31
October
2014
|
00:00
Asia/Singapore

High idealism

“The highest reward for a man’s toil is not what he gets for it but what he becomes by it.”

John Ruskin

It was with these words that the Vice-Chancellor of the University of Glasgow (UoG) invoked the spirit of 19th-century English art critic, John Ruskin, at the recent graduation ceremony of the institution’s second cohort of students in Singapore.

procession1

The UoG graduation ceremony, which took place at Star Gallery, The Star Performing Arts Centre on 10 October, was held for students reading degree programmes in Aeronautical Engineering, Aerospace Systems, Mechanical Design Engineering, Mechatronics, Engineering Studies and Computing Science.

In his impassioned keynote address, Professor Anton Muscatelli, who is also principal of the university, first congratulated the graduates on achieving a major academic milestone.

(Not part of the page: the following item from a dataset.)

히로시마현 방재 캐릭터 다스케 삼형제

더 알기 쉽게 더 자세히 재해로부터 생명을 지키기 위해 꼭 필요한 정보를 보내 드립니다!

While graduation ceremonies might represent momentous academic milestones, there was still much work to be done. Prof Muscatelli then pointed to Ruskin’s altruistic idealism and the importance of character building, calling on the graduates to think about their next challenge: “What do you think you will do with what you’ve become from this day henceforth?”

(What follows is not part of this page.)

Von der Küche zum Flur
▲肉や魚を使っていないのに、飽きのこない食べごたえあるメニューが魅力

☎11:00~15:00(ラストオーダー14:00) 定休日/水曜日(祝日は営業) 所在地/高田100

Expounding on the “fundamental potential of education to transform”, Prof Muscatelli who was also the ceremonial Bedellus, said he saw the graduates as “people who have been transformed with something of real value to offer”, and who are “able to interact and contribute to society”.

In closing, Prof Muscatelli, whose speech was warmly applauded by the audience, offered these parting words of wisdom: “The ball is now firmly in your court and your success has put you in the league of those who can take the lead and make the difference. You now have the opportunity and privilege, skills and ability to make this world a better place. The world is your oyster and it’s waiting for you.”

Graduation class

The ceremony rounded off with the graduates receiving their scrolls on stage, wearing hoods in colours representing the myriad flora of Scotland. As they made their way across the stage, in authentic Glaswegian tradition, the graduates bowed and handed their hood to the Bedellus who touched them lightly on the head and ‘capped’ them with UGS’ signature flat velvet cap.